It is not clear whether this sparked further monitoring of Antiwar.com, or whether Antiwar.com was already in the FBI’s sights. Interestingly, the memo states that the information attached to the memo as supporting material (none of which was available, aside from copies of two of Raimondo’s articles), was obtained in part through a secret Foreign Intelligence Surveillance Act (FISA) request.

The FBI said it also searched the Web, as well as Lexis-Nexis, the Universal Index (FBI central records), the agency’s Electronic Case File, Department of Motor Vehicles and Dunn & Bradsheet (credit reports) for information on Antiwar.com and for “one or more individuals” working for the website.

Some of the things that can be discerned from those searches and were noted in the FBI memo:

— That Raimondo had been writing about the five Israelis and in his columns linked to at least three different terror watch lists (all found in the public domain).

–That Antiwar.com was cited in an article, the name of the author redacted, about U.S aid to Israel.

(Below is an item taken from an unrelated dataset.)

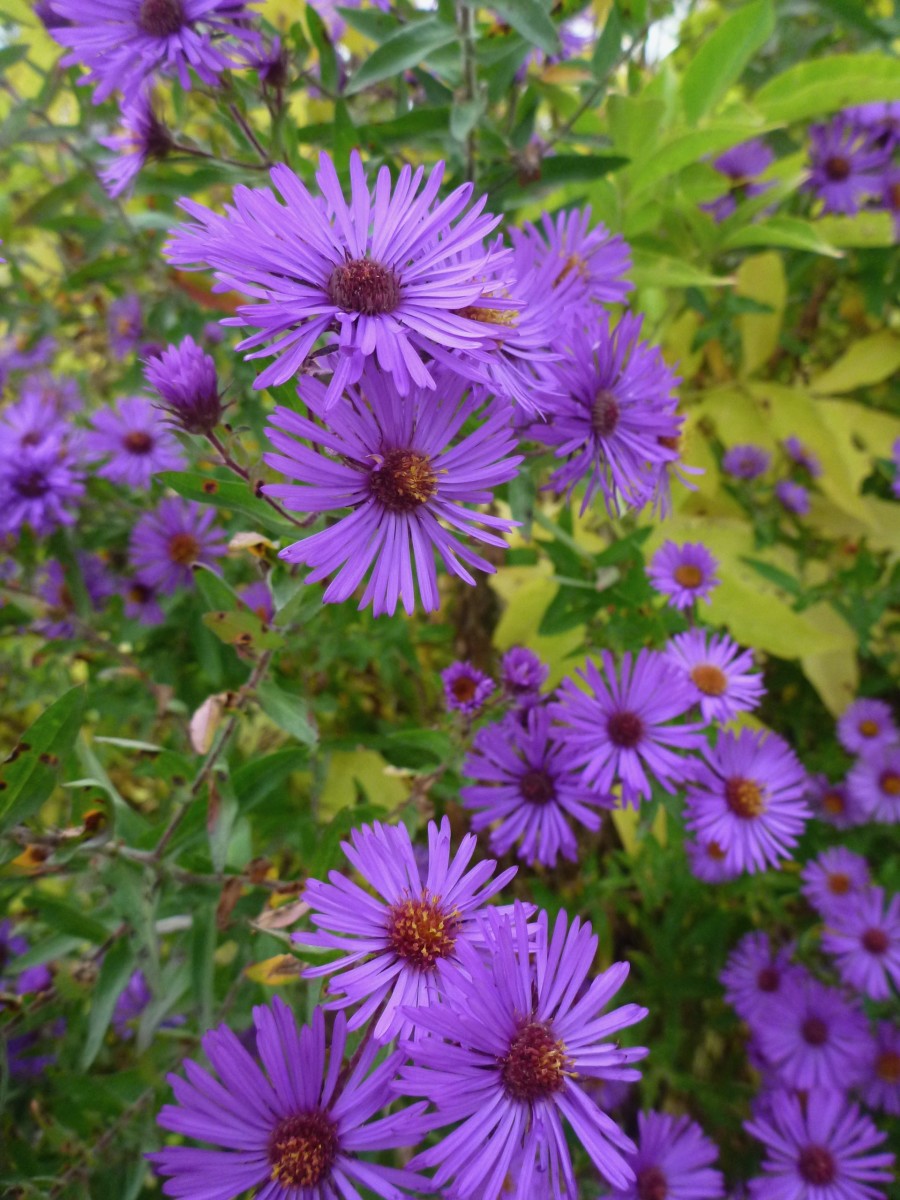 North American native with freely branching sprays of brightly colored flowers decorate the autumn landscape throughout the Northeast. Colors range from blue-purple to lavender-pink with yellow eyes. Asters add hardy grace to the back of the wild border and will naturalize on banks or in the meadow. Cut back slightly in early to mid June to induce an abundance of 1½-2" rayed blooms from late August into October. Deer usually don’t eat them. Provides a late-season source of nectar for hungry pollinators.

— That an article that listed Antiwar.com as a reference was handed out in 2002 at a “peaceful protest” at a British air base in the U.K.

— That a member of a domestic neo-Nazi group had “discussed a website, Antiwar.com” while encouraging fellow members at a conference to “educate themselves” about the Middle East conflict.

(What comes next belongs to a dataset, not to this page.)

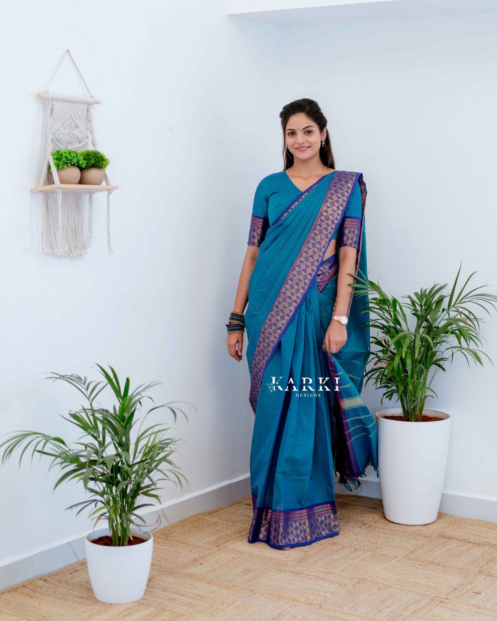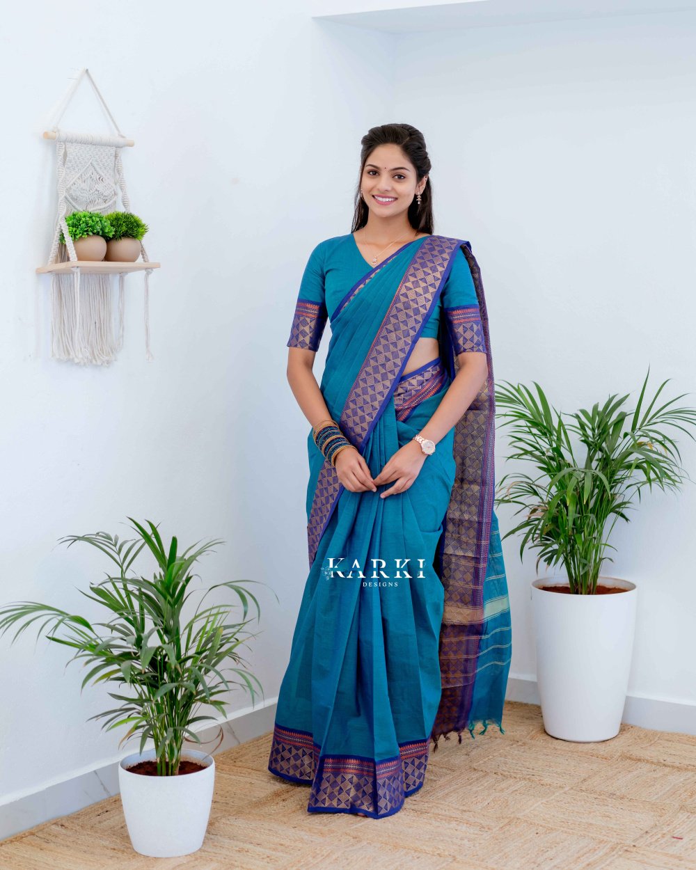 Peacock Blue Kanchi Cotton Sareee -SKN -10
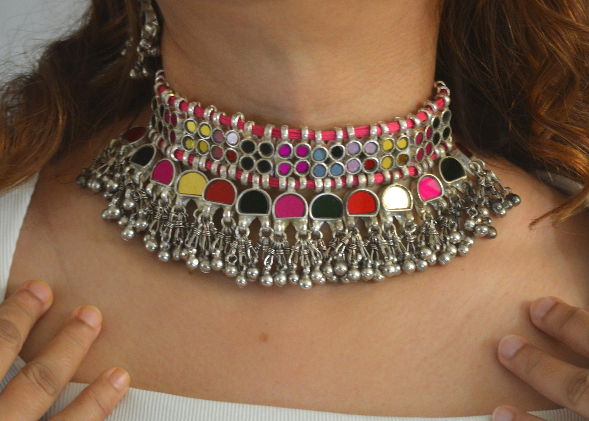 Elevate your ethnic style with this handcrafted glass choker set, featuring vibrant multicolor glasswork set in an brass base. The bold design includes two layers of glass accents, finished with intricate silver ghungroo dangles for a festive and traditional flair. Perfect for weddings, parties, and cultural events, this statement jewellery instantly adds color and sophistication to any outfit.

— That a special agent’s review of hard drives seized during an investigation of an unnamed subject, revealed that the subject had visited Antiwar.com between July 25, 2002 and June 15, 2003, “among many other websites.”

“There are several unanswered questions regarding www.antiwar.com,” reads the FBI memo. “It describes itself as a non-profit group that survives on generous contributions from its readers. Who are these contributors and what are the funds used for?”

The memo goes on to say that “many individuals worldwide do view this website including individuals who are currently under investigation and [two lines redacted].”

The unidentified agent writing the memo concludes, “it is recommended that ECAU (Electronic Communications Analysis Unit) further monitor the postings on the website … it is recommended that a PI (preliminary investigation) is opened to determine if [line redacted] have engaged in, or are engaging in, activities which constitute a threat to national security on behalf of a foreign power.”

This is the decisive point of the memo as it pertains to Antiwar.com: that Garris and Raimondo and Antiwar.com, for writing about a particularly sensitive subject and for linking to information that is already circulating around the Internet, may be a “threat to national security on behalf of a foreign power,” and therefore subject to secret surveillance. That would make any journalist, who say, linked a story to documents published by Wikileaks, which is currently under federal investigation, suspect too, surmised the plaintiffs.

“This sort of government activity is so chilling because it puts the fear of government at a higher level, and among the news media,” said Garris, noting the negative effect that federal leak investigations are already having on the free press. “Once the people aren’t able to get information, the government can, potentially, have unlimited power.”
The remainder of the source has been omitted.